__Exercise details__:
From the line containing "Modern Agate Teal" through the last line of the entries below, print each line exactly. Pictures stay out.

(Stored data entries)
%%

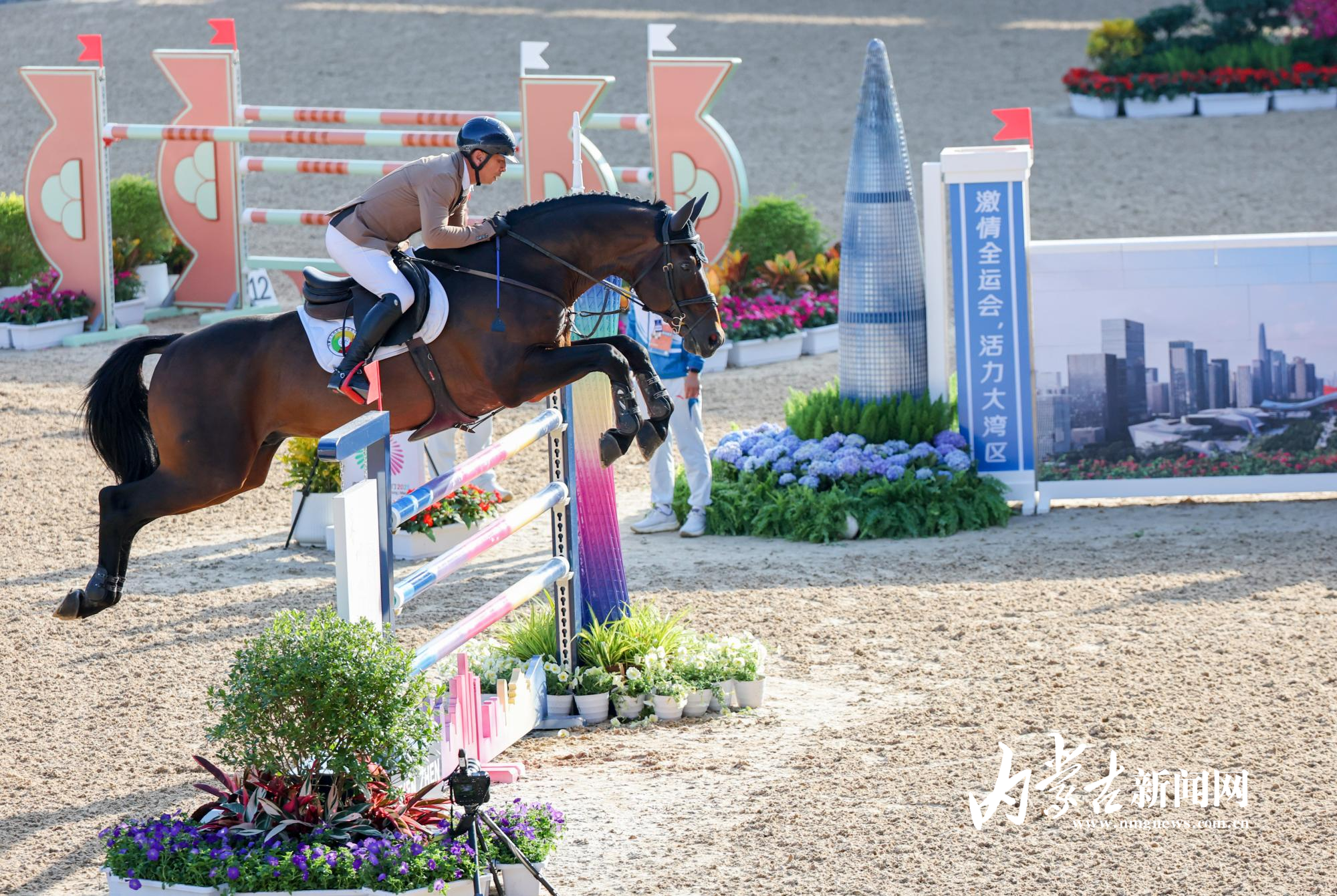 11月17日,第十五屆全國運(yùn)動(dòng)會(huì)馬術(shù)項(xiàng)目場地障礙團(tuán)體賽在深圳市光明國際馬術(shù)中心進(jìn)行,由達(dá)日瑪、劉同晏、張睿、韓豐組成的內(nèi)蒙古隊(duì)?wèi){借兩輪穩(wěn)定發(fā)揮,以總罰分31分的成績斬獲銅牌。
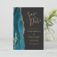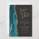 Modern Agate Teal Gold Dark Wedding Save the Date Invitation
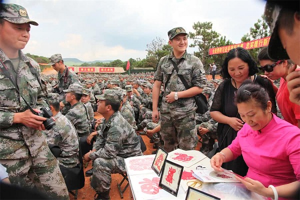 (记者 钱丙申摄影报道)7月30日下午,由民革云南省委经济总支原副主委李忠良,带领老党员,田枫,毛然于秋丽,王艺,并联合了云南省侨联副主席聂云河、甘肃商会秘书长、书画家毛然、云南百灵鸟、云南黄龙实业集团、昆明禄丰商会、云南省文联民间文艺家协会等单位来到曲靖市参加驻昆部队某旅八一节拥军活动,体现以主题为 “军民团结一家亲,同心共筑中国梦”“唱响强军战歌,同筑强军梦想”。参加媒体有云南电视台、云南法制经济网、天天快报云南法制经济网、腾讯新闻云南法制经济网。
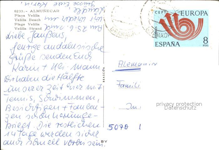 old postcard Almunecar Velilla Strand postalisch gelaufen Erhaltung siehe scans
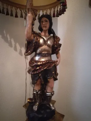 Pie de lámpara con una figura decorativa y su base. - Figura con armadura. - Base de madera y metal.

%%

__Solution for this task__:
 Modern Agate Teal Gold Dark Wedding Save the Date Invitation
 (记者 钱丙申摄影报道)7月30日下午,由民革云南省委经济总支原副主委李忠良,带领老党员,田枫,毛然于秋丽,王艺,并联合了云南省侨联副主席聂云河、甘肃商会秘书长、书画家毛然、云南百灵鸟、云南黄龙实业集团、昆明禄丰商会、云南省文联民间文艺家协会等单位来到曲靖市参加驻昆部队某旅八一节拥军活动,体现以主题为 “军民团结一家亲,同心共筑中国梦”“唱响强军战歌,同筑强军梦想”。参加媒体有云南电视台、云南法制经济网、天天快报云南法制经济网、腾讯新闻云南法制经济网。
 old postcard Almunecar Velilla Strand postalisch gelaufen Erhaltung siehe scans
 Pie de lámpara con una figura decorativa y su base. - Figura con armadura. - Base de madera y metal.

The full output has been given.